WHAT THE TASK ASKS - In full and without alteration, print the records below, minus any images.

Records drawn from a dataset:
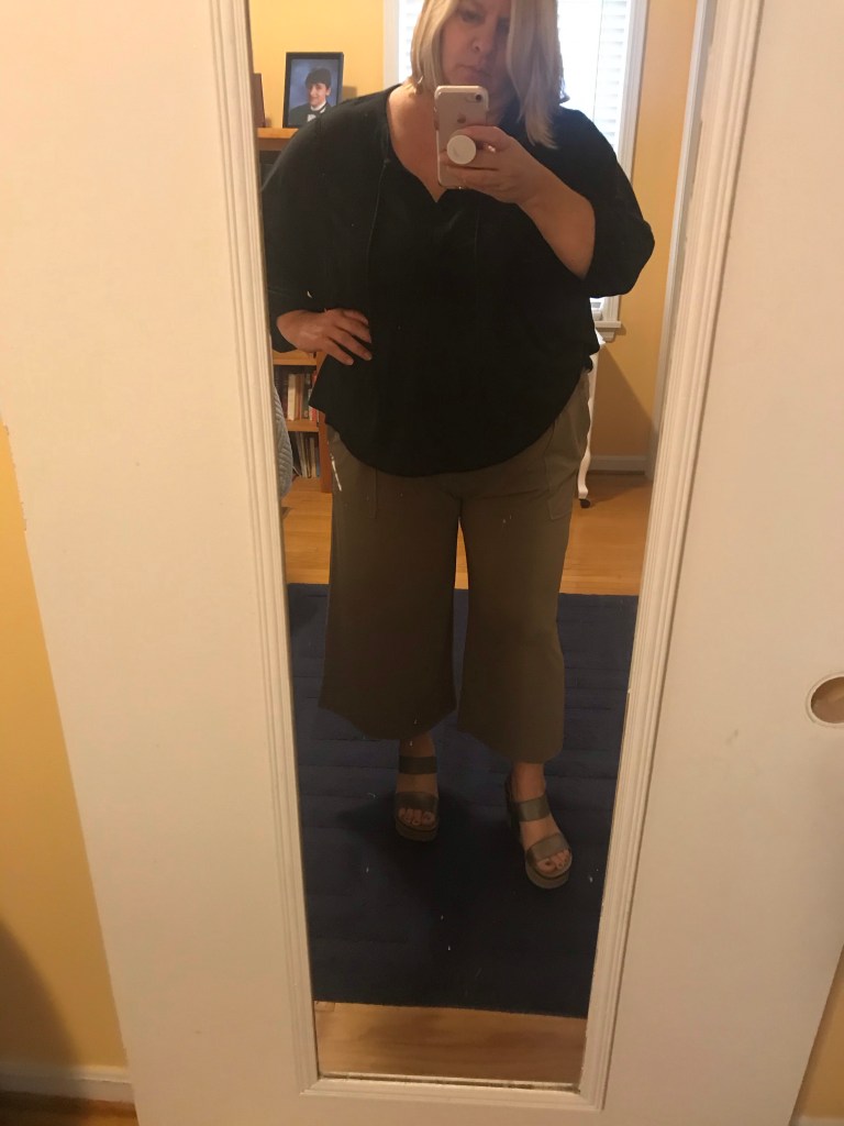 This was a weekend outfit. I am looking for the perfect wide leg cropped. These are not it. I sent these back to QVC – They were Lisa Rinna pants! Real Housewives, anyone? Anyone have an idea for me for what I am looking for?
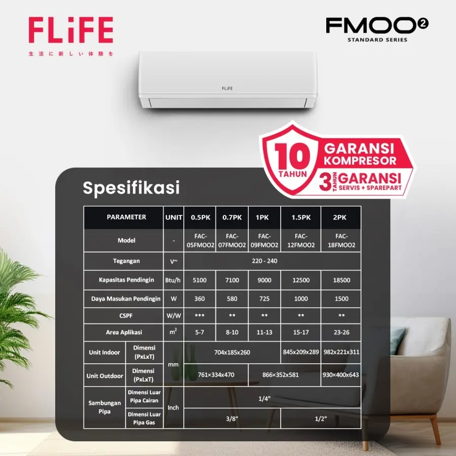 AC FLiFE memiliki kapasitas mulai dari 0.5PK, 1PK, 1.5PK, dan 2PK dengan desain yang elegan dan dengan masa Garansi Resmi hingga 10 Tahun.
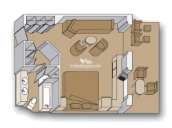 Nieuw Amsterdam Neptune Suite cabin location, stateroom cabin videos, stateroom cabin pictures, floor plans, diagrams, stateroom features and perks. Cruisedeckplans.com also provides links to actual stateroom cabin pictures and videos on this page. You can see details and floor plans for all of Nieuw Amsterdam's different stateroom cabin categories on the NEW cabins page.
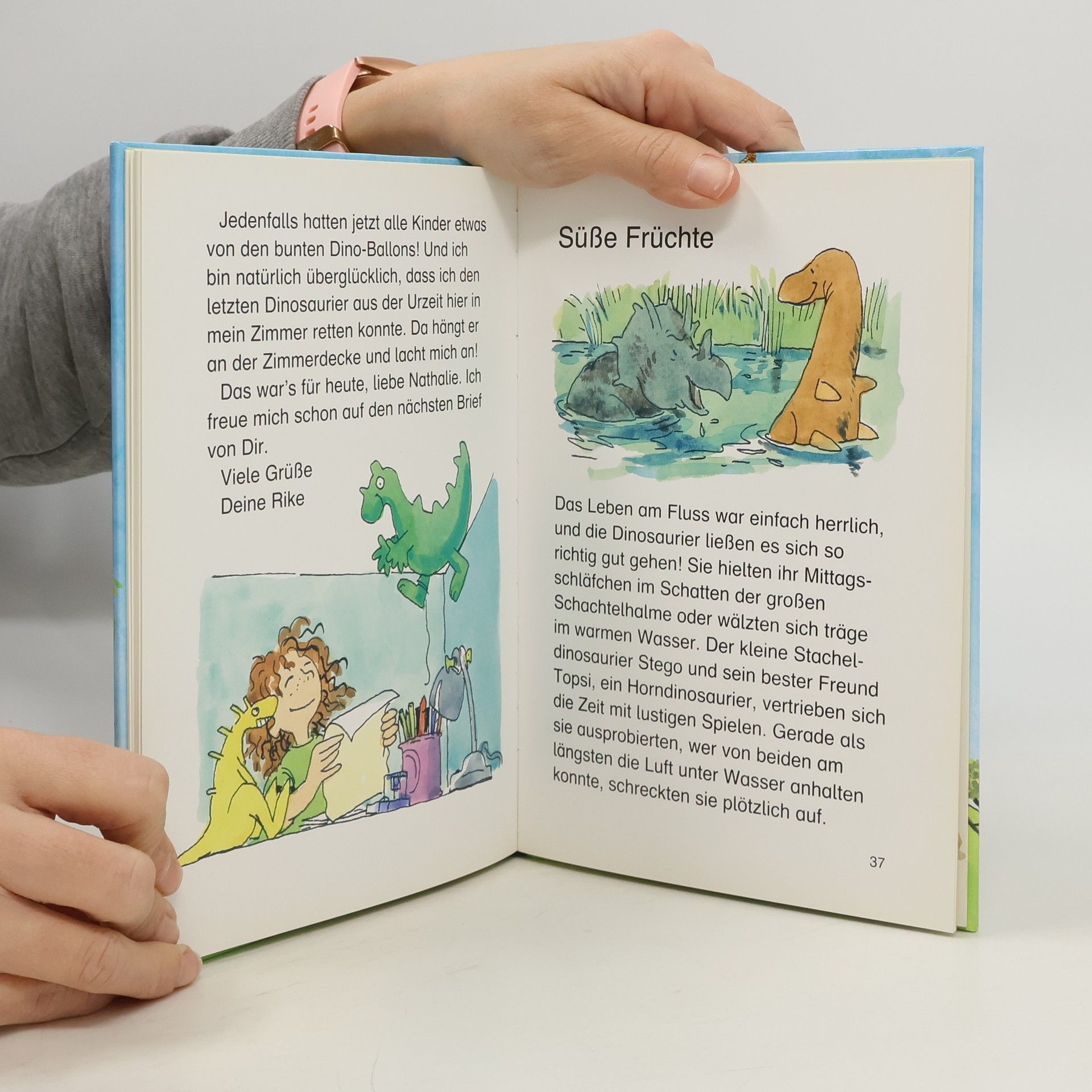 6 Dinosauriergeschichten, die abwechselnd in der Zeit der Saurier oder in der Gegenwart spielen. Für geübte Leseanfänger ab 8.
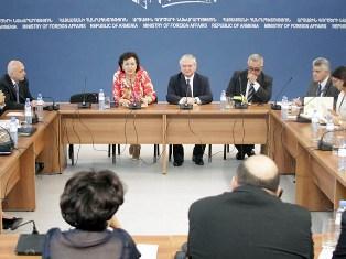 Отвечая на вопросы около 50 деятелей, прибывших из разных стран и занимающихся проблемами армянского народа, Эдвард Налбандян подробно представил приоритеты внешней политики Армении, шаги по решению всеармянских вопросов, усилия Еревана и международного сообщества по мирному урегулированию карабахского конфликта, а также коснулся проблемы безопасности сирийских армян.
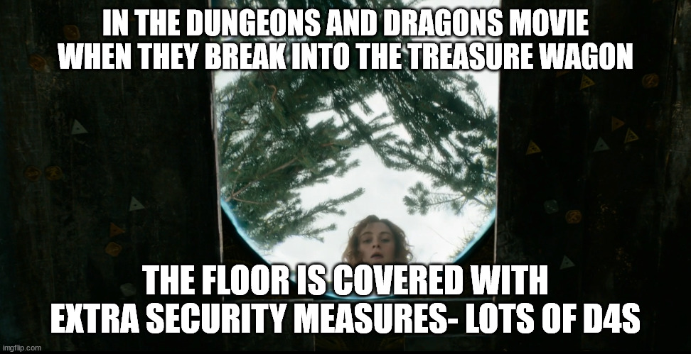 Hm. Re-watching (scene inside the wagon starts about 1:27:00) and yeah, as she’s swinging in and we see the floor from a different angle, they are flat. But at least one of them in this pic looks like a d6 with pips.

EXERCISE SOLUTION -
 This was a weekend outfit. I am looking for the perfect wide leg cropped. These are not it. I sent these back to QVC – They were Lisa Rinna pants! Real Housewives, anyone? Anyone have an idea for me for what I am looking for?
 AC FLiFE memiliki kapasitas mulai dari 0.5PK, 1PK, 1.5PK, dan 2PK dengan desain yang elegan dan dengan masa Garansi Resmi hingga 10 Tahun.
 Nieuw Amsterdam Neptune Suite cabin location, stateroom cabin videos, stateroom cabin pictures, floor plans, diagrams, stateroom features and perks. Cruisedeckplans.com also provides links to actual stateroom cabin pictures and videos on this page. You can see details and floor plans for all of Nieuw Amsterdam's different stateroom cabin categories on the NEW cabins page.
 6 Dinosauriergeschichten, die abwechselnd in der Zeit der Saurier oder in der Gegenwart spielen. Für geübte Leseanfänger ab 8.
 Отвечая на вопросы около 50 деятелей, прибывших из разных стран и занимающихся проблемами армянского народа, Эдвард Налбандян подробно представил приоритеты внешней политики Армении, шаги по решению всеармянских вопросов, усилия Еревана и международного сообщества по мирному урегулированию карабахского конфликта, а также коснулся проблемы безопасности сирийских армян.
 Hm. Re-watching (scene inside the wagon starts about 1:27:00) and yeah, as she’s swinging in and we see the floor from a different angle, they are flat. But at least one of them in this pic looks like a d6 with pips.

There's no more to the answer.